C is not a subset of A, since C contains an element, 3, that is not contained in A.
Let D={} and E={1,2,3,4}. Is D⊂E? To show D⊄E, you must find at least one element of set D that is not an element of set E. Because this cannot be done, D⊂E must be true. Using the same reasoning. we can show that the empty set is a subset of every set, including itself.
⛲ Question 1. Let F, G and H be three sets. If F∊G and G⊂H, is it true that F⊂H?. If not, give an example.
✍ Solution:
No. Let F={1}, G={{1},2} and H={{1},2,3}. Here F∊G as F={1} and G⊂H. But F⊄H as 1∊F and 1∉H.
Note that an element of a set can never be a subset of itself.⛲ Ex1. In each of the following, determine whether the statement is true or false. If it is true, then prove it. If it is false, then give an example.
(i) If x∊J and J∊K, then x∊K.
(ii) If J⊂K and K∊L, then J∊L.
✍ Solution:
(i) False,
Let J={2}, K={{2},3}
Clearly, 2∊J and J∊K, but 2∉K.
So, x∊J and J∊K need not imply that x∊K.
(ii) False, Let J={2}, K={2,3} and L={{2,3},4}
Clearly, J⊂K and K∊L, but J∉L.
Thus, J⊂K Band K∊L need not imply that J∊L.
⛲ Q2. Let M={a,b,{c,d},e}. Which of the following statements is/are true?
(i) {c,d}∊M (ii) {{c,d}⊂M
✍ Solution:
Given, M={a,b,{c,d},e}
(i) Since a,b,{c,d} and e are elements of M.
∴ {c,d}∊M
Hence, it is a true statement.
(ii) As {c,d}∊M and {{c,d}} represents a set,which is a subset of M.
∴ {{c,d}}⊂M
Hence, it is a true statement.
⛲ Ex2. If N={3,{4,5},6}, then find which of the following statements are true.
(i) {4,5}⊂N (ii) {4,5}∊N (iii) Ø⊂N (iv) {3,6}⊂N
✍ Solution:
Given, N={3,{4,5},6}
Here, 3, {4,5}, 6 all are elements of N.
(i) {4,5}⊂N, which is not true.
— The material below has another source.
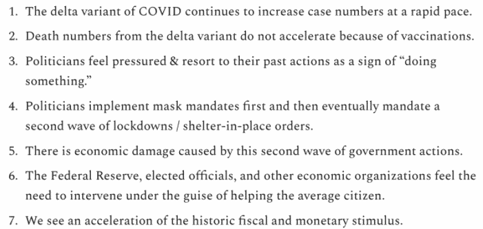 Sedem potenciálnych etáp, ktoré nás čakajú v súvislosti s novým variantom Delty, zahmlieva nádej na obnovu. Zdroj: Anthony Pompliano Newsletter

Since, element of any set is not a subset of any set and here {4,5} is an element of N.
(ii) {4,5}∊N, is a true statement.
(iii) It is always true that Ø⊂N
(iv) {3,6} makes a set,so it is a subset of N i.e., {3,6}⊂N
⛲ Q3. is each either Element or Proper Subset? But not as Both!
Let P={1,2,{3,4},5}. Which of the following statements are incorrect and why?
(i) {3,4}⊂P
(ii) {3,4}∊P
(iii) {{3,4}}⊂P
(iv) 1∊P
(v) 1⊂P
(vi) {1,2,5}⊂P
(vii) {1,2,5}∊P
(viii) {1,2,3}⊂P
(ix) Ø∊P
(x) Ø⊂P
(xi) {Ø}⊂P
✍ Solution:
P={1,2,{3,4},5}
(i) The statement {3,4}⊂P is incorrect because 3∊{3,4}; however, 3∉P.
(ii) The statement {3,4}∊P is correct because {3,4} is an element of P.
(iii) The statement {{3,4}}⊂P is correct because {3,4}∊{{3,4}} and {3,4}∊P.
(iv) The statement 1∊A is correct because 1 is an element of P.
(v) The statement 1∊P is incorrect because an element of a set can never be a subset of itself.
(vi) The statement {1,2,5}⊂P is correct because each element of {1,2,5} is also an element of P.
(vii) The statement {1,2,5}∊P is incorrect because {1,2,5} is not an element of P.
(viii) The statement {1,2,3}⊂P is incorrect because 3∊{1,2,3}; however, 3∉P.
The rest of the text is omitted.